_Exercise_
A faithful repeat of all the records, with no image kept, is the required answer.

(Stored items from a collection)
Content starts

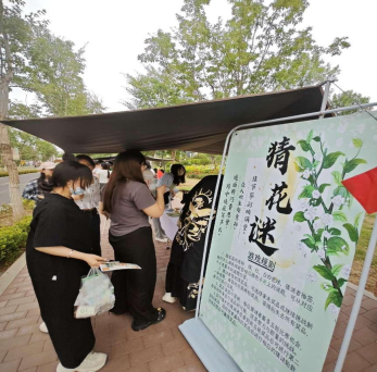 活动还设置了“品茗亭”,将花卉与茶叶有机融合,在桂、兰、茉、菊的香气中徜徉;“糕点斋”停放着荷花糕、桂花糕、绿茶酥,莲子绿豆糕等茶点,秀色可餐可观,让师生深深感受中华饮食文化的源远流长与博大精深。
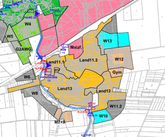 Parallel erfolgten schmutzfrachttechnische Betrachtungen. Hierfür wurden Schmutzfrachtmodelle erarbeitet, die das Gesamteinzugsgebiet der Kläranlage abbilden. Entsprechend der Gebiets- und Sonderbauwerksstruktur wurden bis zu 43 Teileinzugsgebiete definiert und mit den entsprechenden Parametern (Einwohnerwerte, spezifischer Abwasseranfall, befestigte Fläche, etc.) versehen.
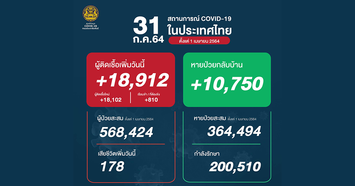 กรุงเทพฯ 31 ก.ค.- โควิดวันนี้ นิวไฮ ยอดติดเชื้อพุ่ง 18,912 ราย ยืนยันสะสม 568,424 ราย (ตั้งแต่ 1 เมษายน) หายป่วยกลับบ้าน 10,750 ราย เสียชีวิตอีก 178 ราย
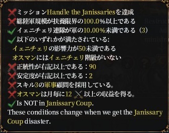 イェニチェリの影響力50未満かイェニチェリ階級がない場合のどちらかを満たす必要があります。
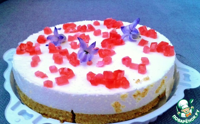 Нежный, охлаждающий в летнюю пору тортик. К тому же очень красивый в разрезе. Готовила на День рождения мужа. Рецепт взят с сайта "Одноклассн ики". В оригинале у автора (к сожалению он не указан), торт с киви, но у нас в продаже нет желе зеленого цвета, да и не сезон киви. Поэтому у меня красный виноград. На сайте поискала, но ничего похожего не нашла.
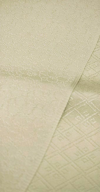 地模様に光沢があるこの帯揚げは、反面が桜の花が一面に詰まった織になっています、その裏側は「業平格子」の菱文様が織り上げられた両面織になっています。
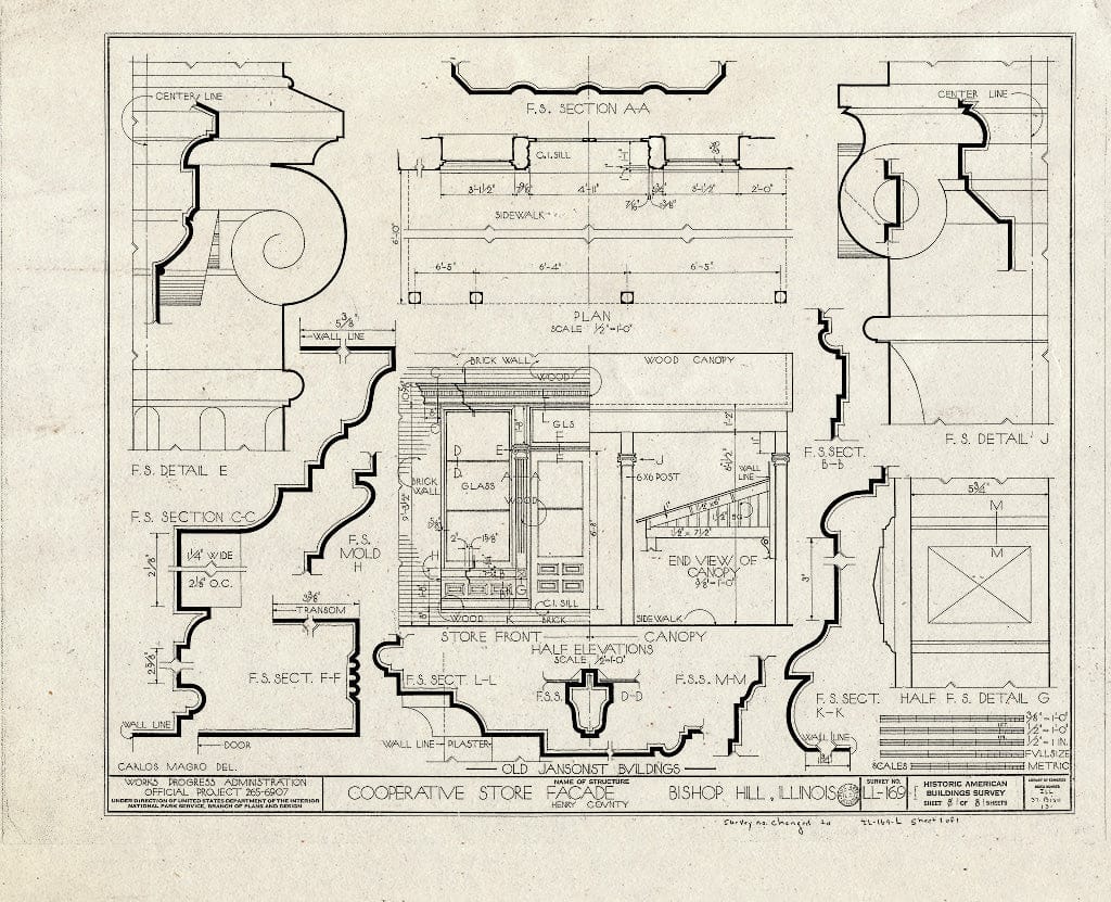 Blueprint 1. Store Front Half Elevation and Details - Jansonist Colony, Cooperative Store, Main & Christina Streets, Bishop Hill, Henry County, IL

Content ends

_Solved problem_
 活动还设置了“品茗亭”,将花卉与茶叶有机融合,在桂、兰、茉、菊的香气中徜徉;“糕点斋”停放着荷花糕、桂花糕、绿茶酥,莲子绿豆糕等茶点,秀色可餐可观,让师生深深感受中华饮食文化的源远流长与博大精深。
 Parallel erfolgten schmutzfrachttechnische Betrachtungen. Hierfür wurden Schmutzfrachtmodelle erarbeitet, die das Gesamteinzugsgebiet der Kläranlage abbilden. Entsprechend der Gebiets- und Sonderbauwerksstruktur wurden bis zu 43 Teileinzugsgebiete definiert und mit den entsprechenden Parametern (Einwohnerwerte, spezifischer Abwasseranfall, befestigte Fläche, etc.) versehen.
 กรุงเทพฯ 31 ก.ค.- โควิดวันนี้ นิวไฮ ยอดติดเชื้อพุ่ง 18,912 ราย ยืนยันสะสม 568,424 ราย (ตั้งแต่ 1 เมษายน) หายป่วยกลับบ้าน 10,750 ราย เสียชีวิตอีก 178 ราย
 イェニチェリの影響力50未満かイェニチェリ階級がない場合のどちらかを満たす必要があります。
 Нежный, охлаждающий в летнюю пору тортик. К тому же очень красивый в разрезе. Готовила на День рождения мужа. Рецепт взят с сайта "Одноклассн ики". В оригинале у автора (к сожалению он не указан), торт с киви, но у нас в продаже нет желе зеленого цвета, да и не сезон киви. Поэтому у меня красный виноград. На сайте поискала, но ничего похожего не нашла.
 地模様に光沢があるこの帯揚げは、反面が桜の花が一面に詰まった織になっています、その裏側は「業平格子」の菱文様が織り上げられた両面織になっています。
 Blueprint 1. Store Front Half Elevation and Details - Jansonist Colony, Cooperative Store, Main & Christina Streets, Bishop Hill, Henry County, IL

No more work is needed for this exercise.